→ **Provided entries**
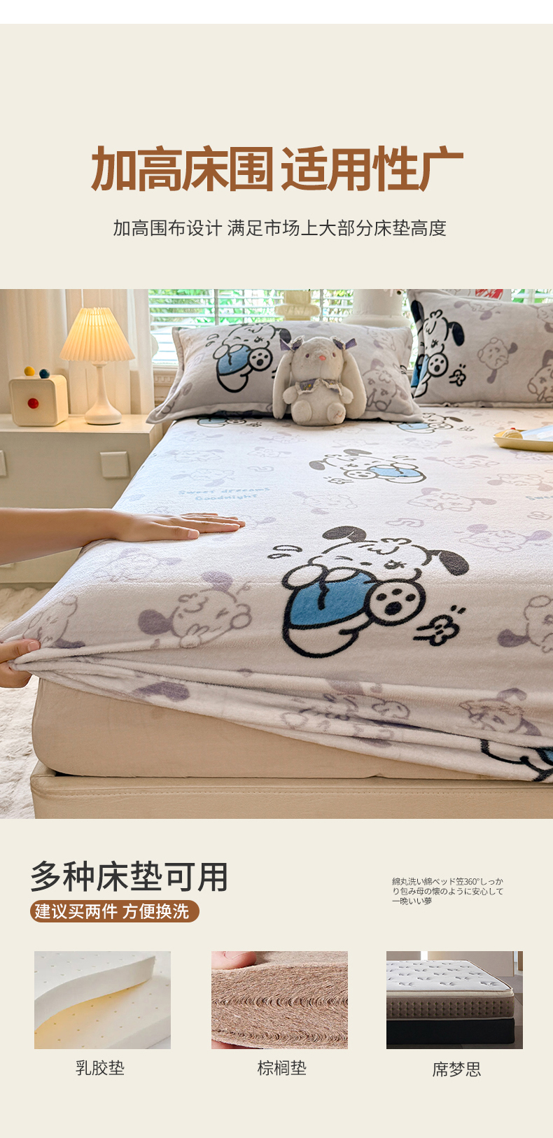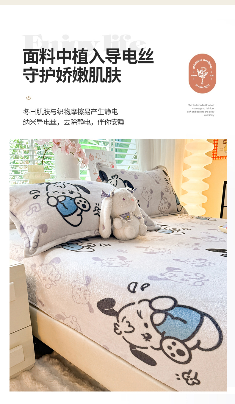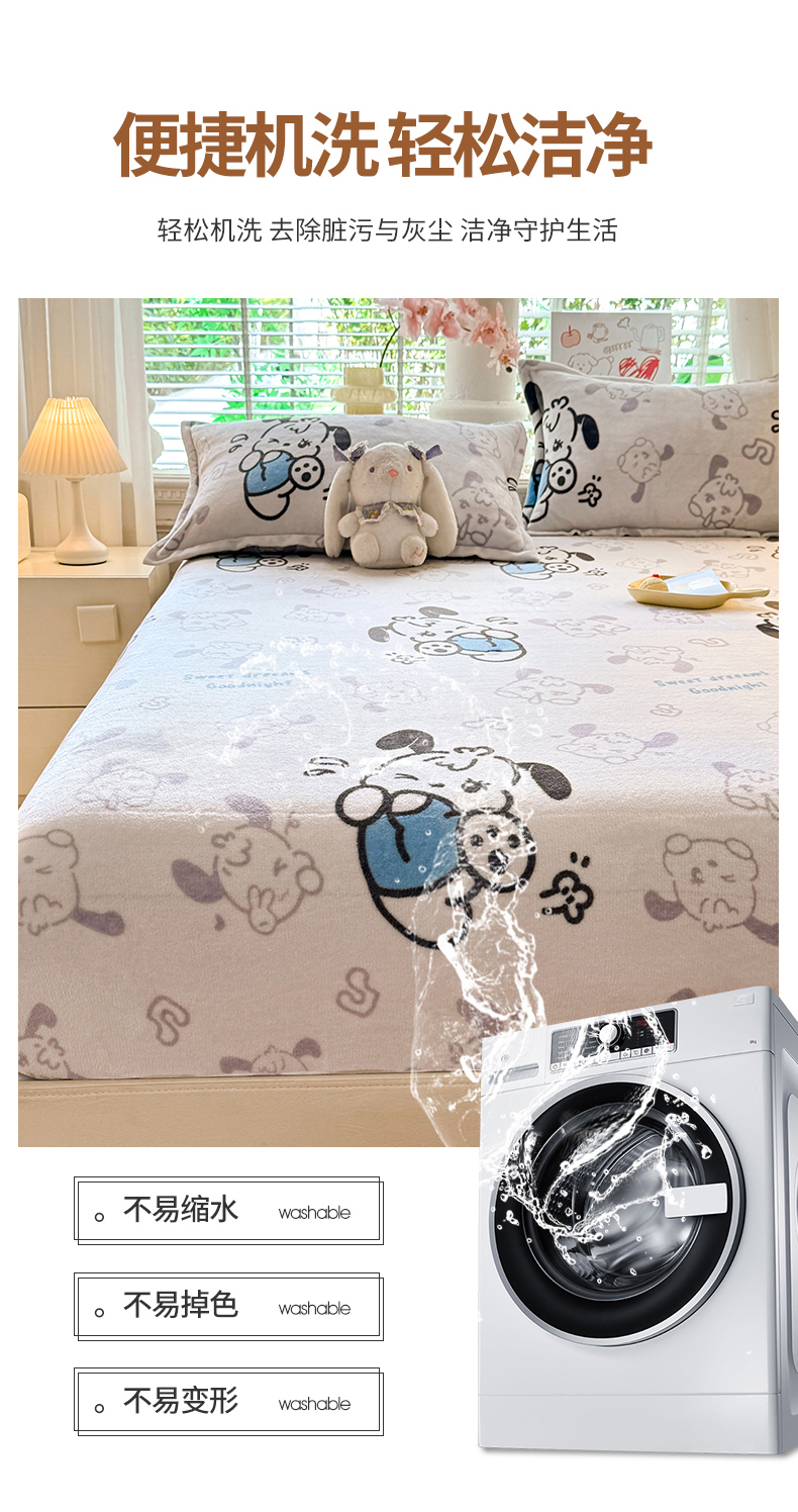 商品名称:妖妖家纺 2024新款200克牛奶绒单床笠 wink狗狗
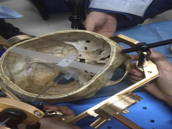 “咸阳市立体定向脑活检技术创新团队” 依托我院神经外科顶尖专家团队建立,现代脑立体定向手术是目前国际上十分先进的一种高尖端技术,在欧美发达国家,脑立体定向手术已占神经外科手术的30%以上,不少国家或地区建立了立体定向与功能神经外科中心或研究所,专门从事立体定向手术治疗脑疾病的研究。应用先进的立体定向技术,精确地监测出活动异常脑细胞的准确位置。其精确度从传统手术肉眼可见的厘米数量级提高到细胞水平的微米数量级,并将重大的并发症降为零,这一革命性的技术创新成为现代外科脑立体定向手术治疗帕金森病的前沿地带。该技术通过电生理记录、获取组织标本、制造毁损灶、消除病变等方法,以达到进行生理研究、诊断和治疗中枢神经系统疾病的目的。目前神经外科应用立体定向技术已开展颅内病变活检,深部血肿穿刺,囊性病变囊液抽吸,脑脓肿穿刺抽吸及腔内治疗,尤其对于颅内囊实性恶性肿瘤可以留置Ommaya囊进行治疗。
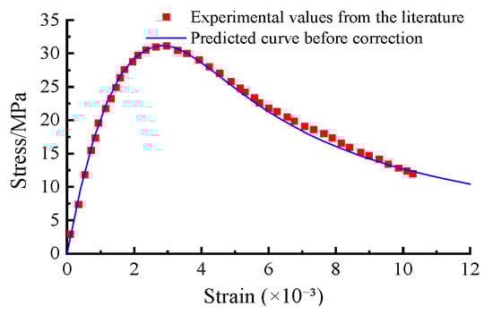 The majority of extant studies have overlooked the influence of concrete matrix strength grade on uniaxial tensile and compressive stress–strain curves. To address this limitation, an empirical formula was adjusted based on concrete with a matrix strength of C30. Initially, the uniaxial tensile and compressive expressions proposed by Wang et al. [] were employed to simulate experimental results. These expressions were subsequently refined using experimental data provided by Yang et al. []. A comparative analysis with Yang et al.’s results [] demonstrated that the modified uniaxial tensile and compressive expressions align reasonably well with the observed data. The corresponding findings are presented in Figure 1 and Figure 2.
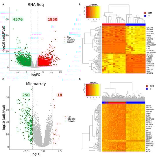 (A) Volcano plot indicating differentially expressed genes (DEGs) in brain metastases (BM) compared to the primary tumor (T) in RNA-seq data (red and green colors indicate |logFC| > 2 and adj. p < 0.05; other genes are colored gray. (B) Hierarchical cluster showing the expression profile of the top 100 DEGs in the RNA-seq data. (C) Volcano plot indicating differentially expressed genes (DEGs) in brain metastases (BM) in comparison to the primary tumor (T) in the microarray data (red and green colors indicate |logFC| > 1.5 and adj. p < 0.05; other genes are colored gray. (D) Hierarchical clustering showing the expression profile of the top 100 DEGs on the microarray data.
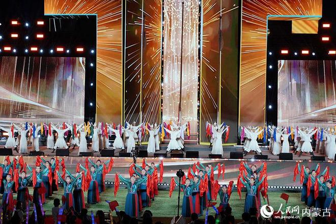 夜色渐浓,银河如幕。国旗方队步入,夜空之中无人机阵列呈现《五星红旗》的图案,自舞台后方徐徐上升。辽阔的格根塔拉草原变为文化交流的舞台,中央表演团队精神抖擞地登场,呈现出民众团结向前的精神风貌。王旭、呼斯楞、乌英嘎、傲日其愣、刘智鹏等艺术家倾注心血,献上精彩表演。《天边》、《草原上升起不落的太阳》以及《骏马赞》的动人旋律同时奏响,现场观众以经久不息的掌声,共同迎来了那达慕盛会的序幕。
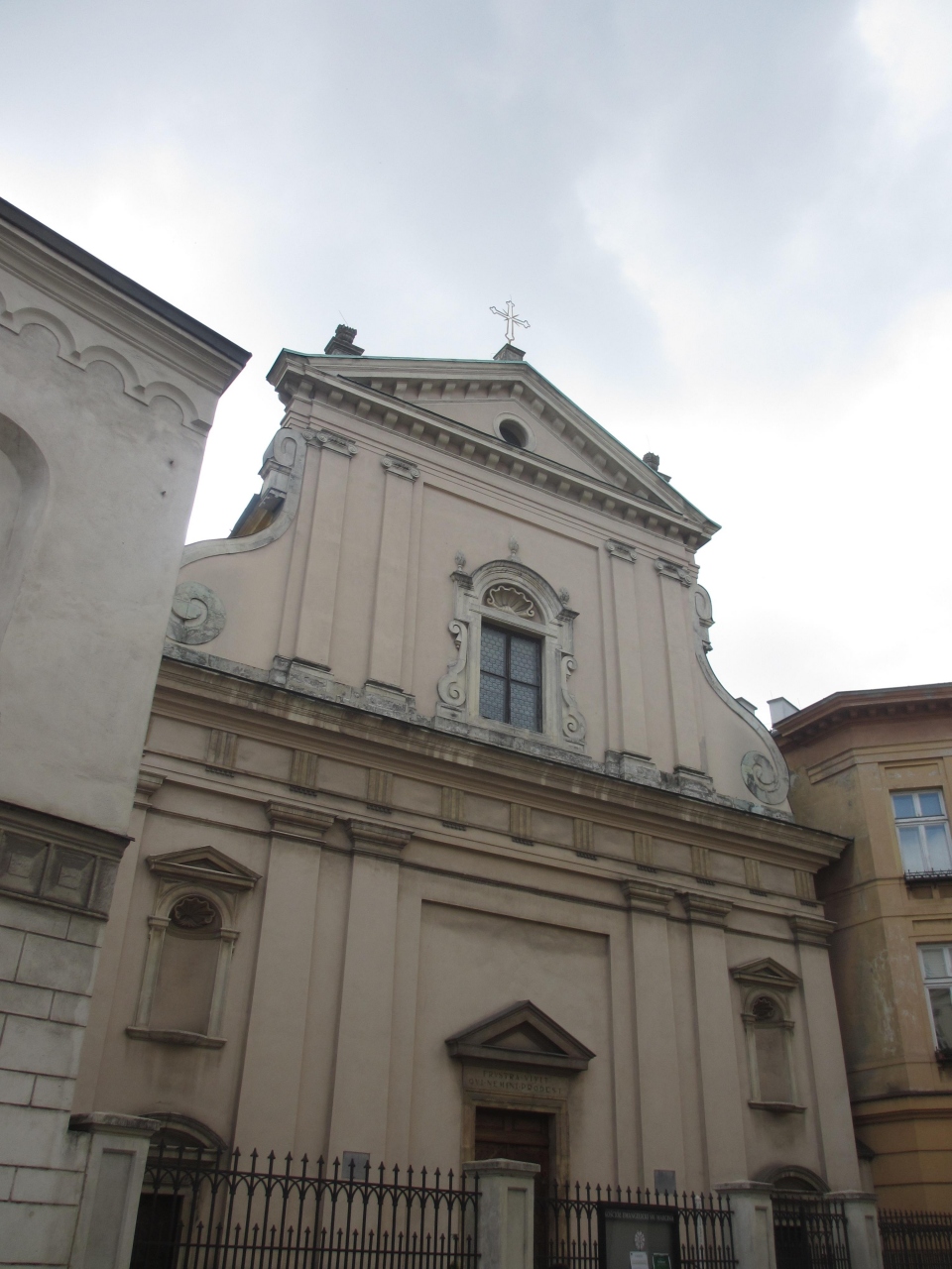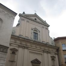 クラクフ旧市街を散策した際、中央広場からヴェルヴェ城に向かう途中に行きました。聖ペテロ聖パウロ教会、聖アンドリュー教会の次に見えてきます。3つの教会の中では一番小さかったですが、建物の上半分の左右の曲線が印象に残りました。
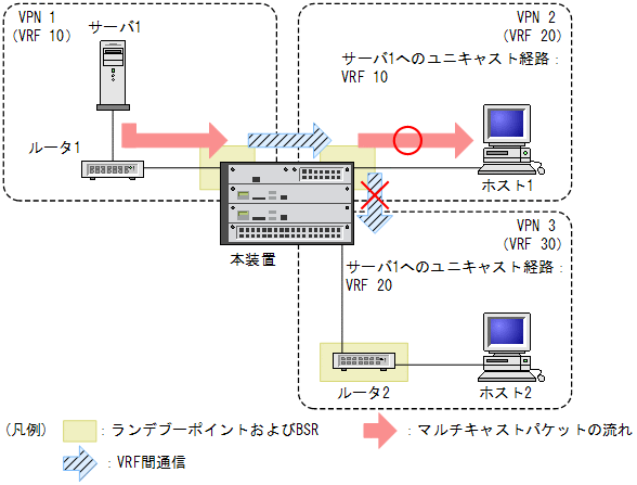 次の図に示すようにVPN 3からVPN 1へのユニキャスト経路がVPN 2を経由して形成されていた場合,VPN 1上のサーバ1が送信するIPv6マルチキャストパケットをVPN 2上のホスト1は受信できますが,VPN 3のホスト2は受信できません。
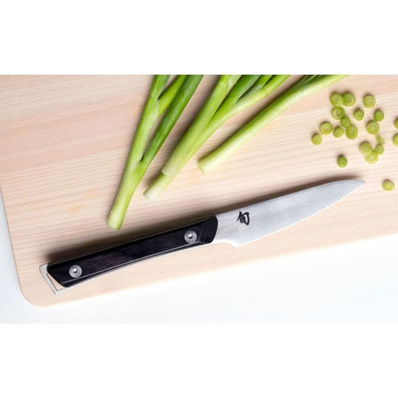 Like the chef’s knife, the paring knife is exceptionally versatile. It gets its name from its main function—removing or “paring” away things like peels or pits from fruits and vegetables. It’s ideal for peeling, coring, trimming, decorating, and other detail work. Its small size gives you complete control over the tip and edge of the blade. The contour of the handle provides a secure, comfortable grip. In Japanese, “Kazahana” means “Snow that flickers like petals dancing in a clear sky,” much like the finish on its beautiful satin finish blade.

→ **Assignment**
Please give back the material above exactly as written, pictures omitted.

→ **Expected answer**
 商品名称:妖妖家纺 2024新款200克牛奶绒单床笠 wink狗狗
 “咸阳市立体定向脑活检技术创新团队” 依托我院神经外科顶尖专家团队建立,现代脑立体定向手术是目前国际上十分先进的一种高尖端技术,在欧美发达国家,脑立体定向手术已占神经外科手术的30%以上,不少国家或地区建立了立体定向与功能神经外科中心或研究所,专门从事立体定向手术治疗脑疾病的研究。应用先进的立体定向技术,精确地监测出活动异常脑细胞的准确位置。其精确度从传统手术肉眼可见的厘米数量级提高到细胞水平的微米数量级,并将重大的并发症降为零,这一革命性的技术创新成为现代外科脑立体定向手术治疗帕金森病的前沿地带。该技术通过电生理记录、获取组织标本、制造毁损灶、消除病变等方法,以达到进行生理研究、诊断和治疗中枢神经系统疾病的目的。目前神经外科应用立体定向技术已开展颅内病变活检,深部血肿穿刺,囊性病变囊液抽吸,脑脓肿穿刺抽吸及腔内治疗,尤其对于颅内囊实性恶性肿瘤可以留置Ommaya囊进行治疗。
 The majority of extant studies have overlooked the influence of concrete matrix strength grade on uniaxial tensile and compressive stress–strain curves. To address this limitation, an empirical formula was adjusted based on concrete with a matrix strength of C30. Initially, the uniaxial tensile and compressive expressions proposed by Wang et al. [] were employed to simulate experimental results. These expressions were subsequently refined using experimental data provided by Yang et al. []. A comparative analysis with Yang et al.’s results [] demonstrated that the modified uniaxial tensile and compressive expressions align reasonably well with the observed data. The corresponding findings are presented in Figure 1 and Figure 2.
 (A) Volcano plot indicating differentially expressed genes (DEGs) in brain metastases (BM) compared to the primary tumor (T) in RNA-seq data (red and green colors indicate |logFC| > 2 and adj. p < 0.05; other genes are colored gray. (B) Hierarchical cluster showing the expression profile of the top 100 DEGs in the RNA-seq data. (C) Volcano plot indicating differentially expressed genes (DEGs) in brain metastases (BM) in comparison to the primary tumor (T) in the microarray data (red and green colors indicate |logFC| > 1.5 and adj. p < 0.05; other genes are colored gray. (D) Hierarchical clustering showing the expression profile of the top 100 DEGs on the microarray data.
 夜色渐浓,银河如幕。国旗方队步入,夜空之中无人机阵列呈现《五星红旗》的图案,自舞台后方徐徐上升。辽阔的格根塔拉草原变为文化交流的舞台,中央表演团队精神抖擞地登场,呈现出民众团结向前的精神风貌。王旭、呼斯楞、乌英嘎、傲日其愣、刘智鹏等艺术家倾注心血,献上精彩表演。《天边》、《草原上升起不落的太阳》以及《骏马赞》的动人旋律同时奏响,现场观众以经久不息的掌声,共同迎来了那达慕盛会的序幕。
 クラクフ旧市街を散策した際、中央広場からヴェルヴェ城に向かう途中に行きました。聖ペテロ聖パウロ教会、聖アンドリュー教会の次に見えてきます。3つの教会の中では一番小さかったですが、建物の上半分の左右の曲線が印象に残りました。
 次の図に示すようにVPN 3からVPN 1へのユニキャスト経路がVPN 2を経由して形成されていた場合,VPN 1上のサーバ1が送信するIPv6マルチキャストパケットをVPN 2上のホスト1は受信できますが,VPN 3のホスト2は受信できません。
 Like the chef’s knife, the paring knife is exceptionally versatile. It gets its name from its main function—removing or “paring” away things like peels or pits from fruits and vegetables. It’s ideal for peeling, coring, trimming, decorating, and other detail work. Its small size gives you complete control over the tip and edge of the blade. The contour of the handle provides a secure, comfortable grip. In Japanese, “Kazahana” means “Snow that flickers like petals dancing in a clear sky,” much like the finish on its beautiful satin finish blade.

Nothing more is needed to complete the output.